CN107793497A

CN107793497A - The synthetic method of lactose beta cyclodextrin

Info

Publication number: CN107793497A
Application number: CN201711173433.7A
Authority: CN
Inventors: 丁毅力; 李紫元; 王丙云
Original assignee: Foshan University
Current assignee: Foshan University
Priority date: 2017-11-22
Filing date: 2017-11-22
Publication date: 2018-03-13

Abstract

本发明涉及β‑环糊精衍生物的合成方法，具体涉及乳糖‑β‑环糊精的合成方法。本发明的合成方法包括以下步骤：在氢化钠存在下，将化合物1和化合物2在DMF中反应，得到化合物3；将化合物3进行脱乙酰化反应，得到化合物4，即乳糖‑β‑环糊精。本发明的原料容易得到，合成步骤简单，产率高，为环糊精衍生物的合成提供了一种新思路。The invention relates to a synthesis method of β-cyclodextrin derivatives, in particular to a synthesis method of lactose-β-cyclodextrin. The synthesis method of the present invention comprises the following steps: in the presence of sodium hydride, compound 1 and compound 2 are reacted in DMF to obtain compound 3; compound 3 is subjected to deacetylation reaction to obtain compound 4, namely lactose-β-cyclodextrose Refined. The raw materials of the invention are easy to obtain, the synthesis steps are simple, and the yield is high, which provides a new idea for the synthesis of cyclodextrin derivatives.

Description

Synthetic method of lactose-β-cyclodextrin

技术领域technical field

本发明涉及β-环糊精衍生物的合成方法，具体涉及乳糖-β-环糊精的合成方法。The invention relates to a synthesis method of beta-cyclodextrin derivatives, in particular to a synthesis method of lactose-beta-cyclodextrin.

背景技术Background technique

人类干细胞癌症是世界上第五大常见癌症，每年造成约500000人死亡。

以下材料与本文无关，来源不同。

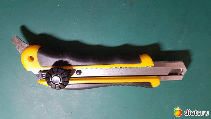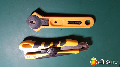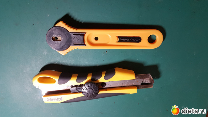 На фото еще круглый нож от знаменитой (и очень хорошей) фирмы Olfa, от которого где-то в недрах ящика для инструментов отвалилось лезвие
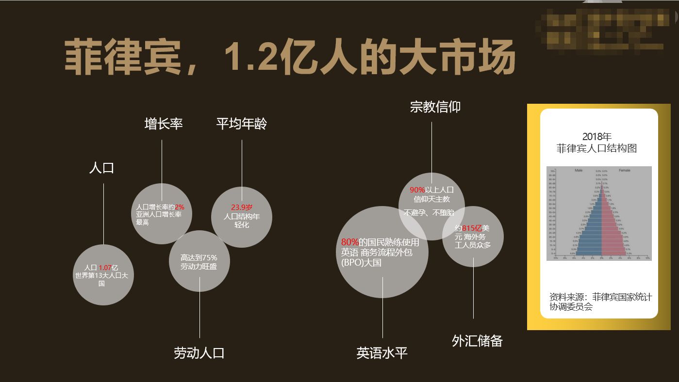 1. 近年来菲律宾GDP增长稳健,人口增长速度位列东南亚前沿,1.2亿人口促使内需市场旺盛,加上先前受美国殖民后的影响,因此整体的法律制度和语言环境基本与国际市场接轨。

乙型肝炎、丙型肝炎和黄曲霉毒素B1是肝癌的三大主要诱因。目前，手术切除是治疗肝癌的主要选择。虽然一些酪氨酸蛋白激酶的小分子抑制剂被批准可用于治疗晚期肝癌，但产生的疗效并不明显。Human stem cell cancer is the fifth most common cancer in the world, killing approximately 500,000 people each year. Hepatitis B, hepatitis C and aflatoxin B1 are the three main causes of liver cancer. Currently, surgical resection is the main option for the treatment of liver cancer. Although some small-molecule inhibitors of tyrosine-protein kinases have been approved for the treatment of advanced liver cancer, the curative effect is not obvious.

在细胞膜表面，糖是已知的能参与许多重要的生物识别现象的生物分子。D-半乳糖与肝细胞中存在的凝集素有很高的亲和力，因此半乳糖或乳糖结合药物载体有望将肝脏药物包括肝癌药物携带进入肝癌细胞内。唾液酸糖蛋白受体(ASGPR)是一种半乳糖受体，只在肝脏中表达而不在其他人体组织中表达。因此，半乳糖在肝脏中介导释放抗癌药会增加肝癌药物的疗效。On the surface of cell membranes, sugars are known biomolecules that participate in many important biorecognition phenomena. D-galactose has a high affinity with the lectins present in liver cells, so galactose or lactose combined with drug carriers is expected to carry liver drugs, including liver cancer drugs, into liver cancer cells. The sialoglycoprotein receptor (ASGPR) is a galactose receptor expressed only in the liver and not in other human tissues. Therefore, galactose-mediated release of anticancer drugs in the liver would increase the efficacy of liver cancer drugs.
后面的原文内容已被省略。